All configuration is via environment variables:

| Variable | Required | Default | Meaning |
|---|---|---|---|
| `CALDAV_BASE_URL` | ✅ | — | CalDAV server URL, e.g. `http://127.0.0.1:5232` |
| `CALDAV_USERNAME` |  | — | CalDAV account user |
| `CALDAV_PASSWORD` |  | — | CalDAV account password |
| `CAL_DEFAULT_TZ` |  | `Pacific/Auckland` | IANA zone every event is stored in |

Many MCP hosts strip inherited environment from stdio servers, so set these in the
host's per-server `env` block rather than relying on the ambient shell.

### Example MCP host config

The MCP runs as a stdio subprocess that the host spawns. Many hosts strip
inherited `PATH` from that subprocess, so wire the `uv run --directory`
form rather than relying on the `cal-scheduler` shim being on the spawn
host's `PATH`:

```json
{
  "mcpServers": {
    "cal-scheduler": {
      "command": "uv",
      "args": ["run", "--directory", "/abs/path/to/cal-scheduler-mcp", "cal-scheduler"],
      "env": {
        "CALDAV_BASE_URL": "http://127.0.0.1:5232",
        "CALDAV_USERNAME": "me",
        "CALDAV_PASSWORD": "secret",
        "CAL_DEFAULT_TZ": "Pacific/Auckland"
      }
    }
  }
}
```

`/abs/path/to/cal-scheduler-mcp` is the absolute path to a local clone of
this repo (see *Install* above).

Pair it with any CalDAV server. A simple self-hosted option is
[Radicale](https://radicale.org/) (plain `http://`, no TLS needed for local use).

## Tool surface

**Events** — `list_events(start, end, [calendar])`, `create_event(summary, start,
[end, calendar, description, location, rrule])`, `update_event(uid, …)`,
`delete_event(uid, [calendar])`, `exclude_occurrence(uid, occurrence, [calendar])`,
`move_occurrence(uid, occurrence, new_start, [new_end, calendar])`.

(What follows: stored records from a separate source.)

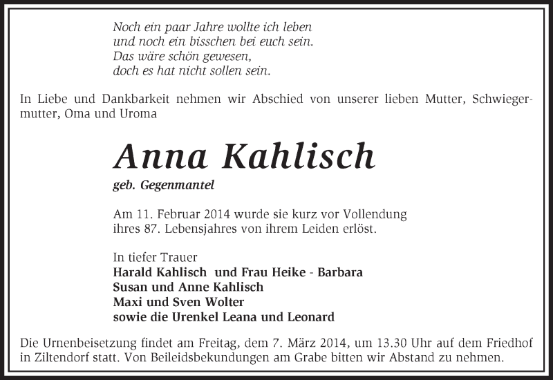 Hier finden Sie alle Traueranzeigen aus der Zeitung, die bisher für Anna Kahlisch erschienen sind. Weitere Traueranzeigen, die in der Zeitung erscheinen, werden hier ebenfalls aufgelistet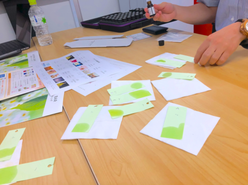 実際に歯科医院で働くスタッフさん、患者さんの意見を取り入れて香りを選定していきます。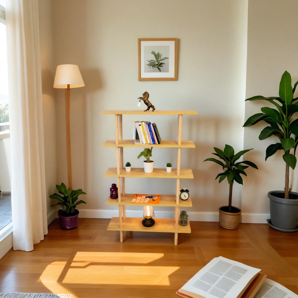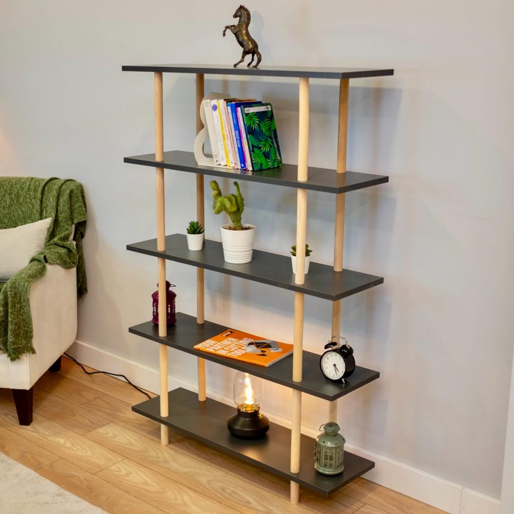 Spacious Storage: Five roomy shelves provide ample space to neatly organize and display books, decor, and essential items.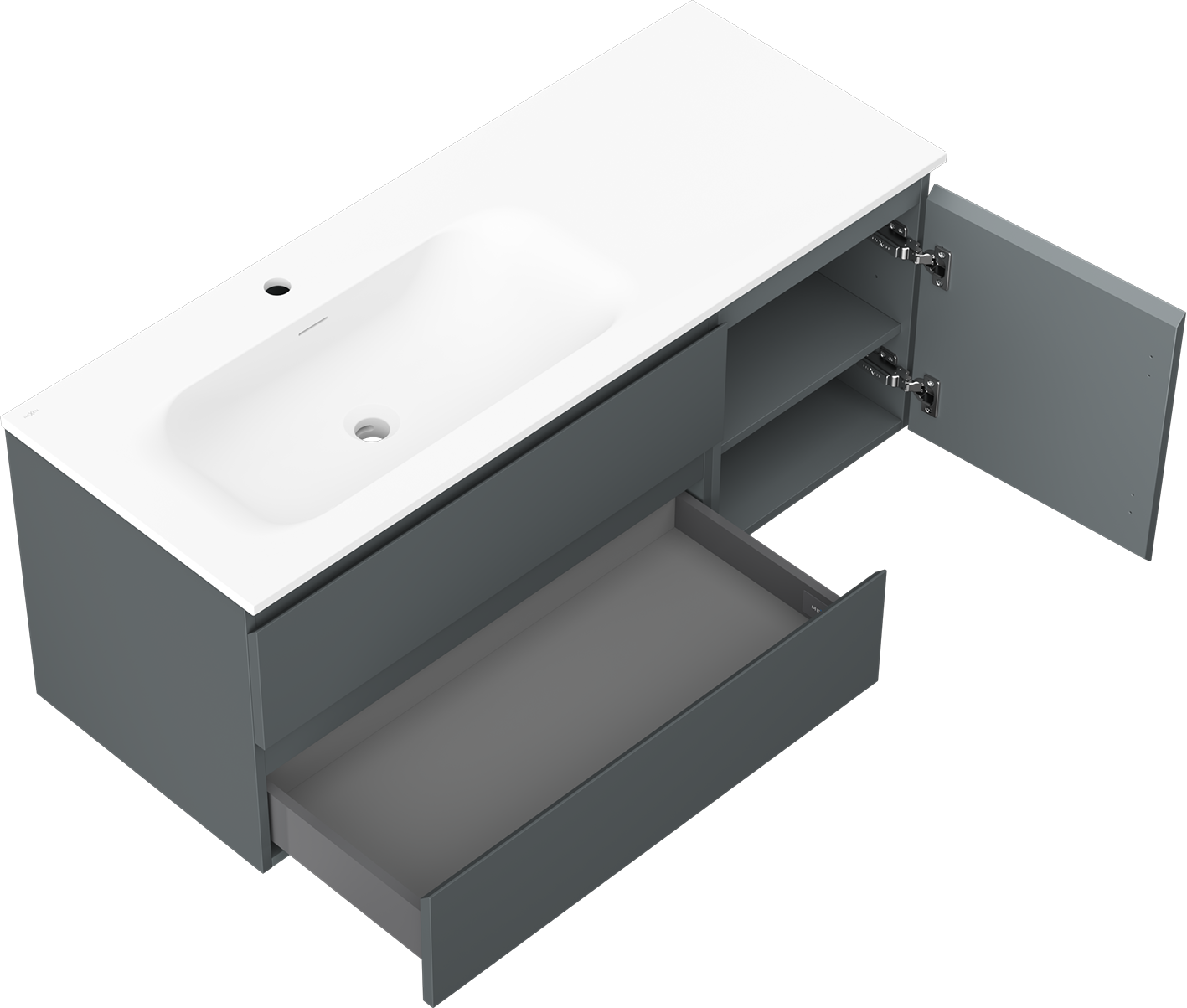 La découpe dans le tiroir est conçue de manière à accueillir le siphon, qui est nécessaire dans les installations de lavabo. Ainsi, le meuble peut être installé de manière pleinement fonctionnelle, sans devoir renoncer à l'espace du tiroir au profit de l'installation.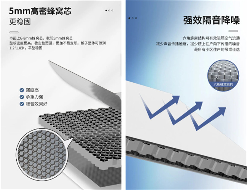 顶上逍遥大板采用5mm蜂窝芯结构,强度更高不易变形,还具有防水防潮、隔音降噪、防划阻燃、易清洁等特点,多种规格尺寸满足不同空间搭配,可适用于全屋空间,为你带来自由广阔的舒适家居享受。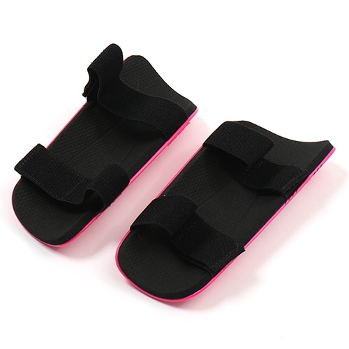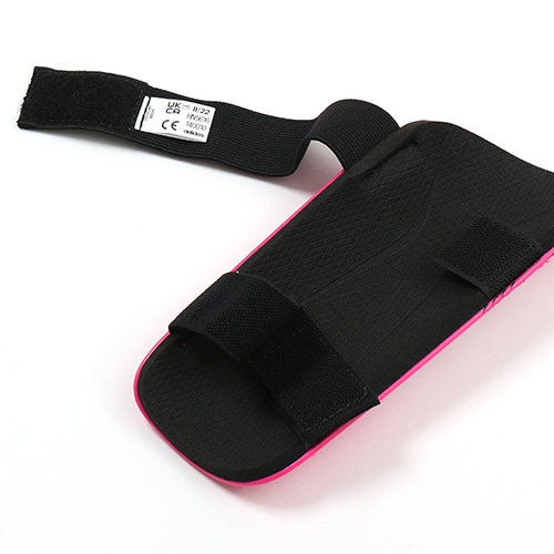 EVAの裏張りを施した硬いシールドが衝撃を吸収し、軽快な動きを妨げない。2本の面ファスナーストラップ付きだから、フルスピードで動いてもズレにくい。

**Calendars** — `list_calendars`, `create_calendar(name)`, `delete_calendar(name)`.

**Helper** — `resolve_datetime(value)` — preview how a datetime will be interpreted,
without writing anything.

### The timezone rule (the whole point)

Every event is stored zoned to `CAL_DEFAULT_TZ`.

- A **naive** datetime (`2026-06-30T21:00`) is assumed to be wall time in that zone,
  and the tool response says so (`"assumed Pacific/Auckland wall time"`).
- An **offset-qualified** datetime (`…+12:00`) is honoured as an instant and
  re-expressed in the zone — same wall clock when the offset matches, a correct
  conversion otherwise.
- A **date-only** value (`2026-06-30`) is an all-day event.

## Develop

```bash
uv sync                 # install deps + dev tools
uv run ruff check       # lint
uv run pytest           # unit tests (no server required)
```

The unit tests cover the pure layers (timezone resolution, recurrence validation,
EXDATE/RECURRENCE-ID construction) and need no running CalDAV server. To exercise
the full stack end to end, point `CALDAV_BASE_URL` at a throwaway CalDAV account.